Using Product Key ... will bring U to deal with the stolen software - there lot of pirate installations over the globe.
Creation of own GUID and preserving it under registry (in any place) will not prevent duplication by cloning of image ....
etc...
From my perspective of view the best way is combine:
Volume ID + MAC's list + Machine SID + Machine Name. And obviously manage license policy on the server side ;0)
Regards
Mickel.
If you want something a bit harder to spoof than whatever the machine itself can tell you, you'll probably need to provide a USB dongle dedicated for this purpose (not just a flash drive).
For a pretty brain dead test I am using the ProductID code of the OS and the computer name - both extracted from the registry. Not really secure, but its all pretend security anyway.
edit
To answer John's question about what keys I am reading:
SOFTWARE\Microsoft\Windows NT\CurrentVersion\ProductID
SYSTEM\CurrentControlset\Control\ComputerName\ComputerName\ComputerName
How about using the serial number of the harddisk where windows is installed?
The function GetVolumeInformation() will give you such serial number.
To access the ID assigned by the harddisk vendor instead of the ID assigned by Windows, you can use the Win32_PhysicalMedia Class.
To determine the drive where windows is installed, you could expand the variable %windir" by using the function ExpandEnvironmentStrings()
Another option, if your architecture allows, is to use UuidCreate() to generate a random GUID at installation time and save it permanently in the registry.
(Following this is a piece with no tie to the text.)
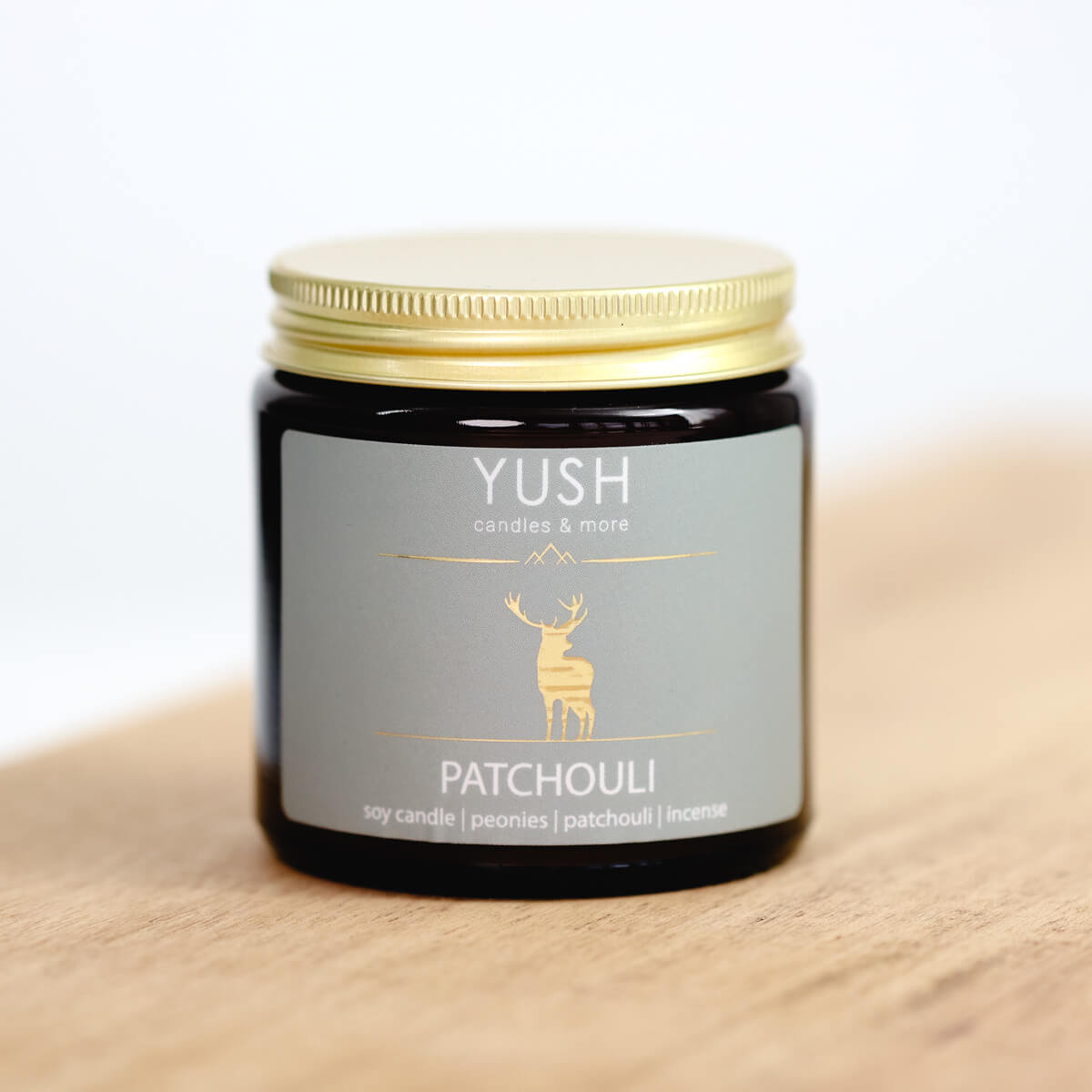 Patchouli - Świeca Sojowa YUSH - świece sojoweWosk sojowy 100% naturalny i ekologicznyCzas palenia: ok. 25 godzinPojemność: 120mlNuty zapachowe: peonii, paczuli, kadzidła, ...

This GUID can then be used as the ID as long as the registry remains. A new registry database is generally considered as a new installation.
A third option is to have a well-known server assigning the IDs. Upon starting up, the software could look up for the ID in the registry and if not found, would contact the server and supply it with its MAC address, hostname, harddisk serial number, Machine SID and any number of indentifyable information (keys).
The server then determines if the client is already registered or not based on the information given. The server could have a relaxed policy and for example only require most of the keys for a match, so that the mechanism would work even in the event of a complete wipe out of the registry and if part (but not all) of the hardware was replaced.
How about using the serial number of a CPU. I remember Microsoft used to provide an api for this that would run the necessary assembler code and give you back all sorts of info about the CPU including serial number. Not sure if it'd work with AMD chips or not, I think it was intel specific.
Surely CPU Id is secure and static enough!!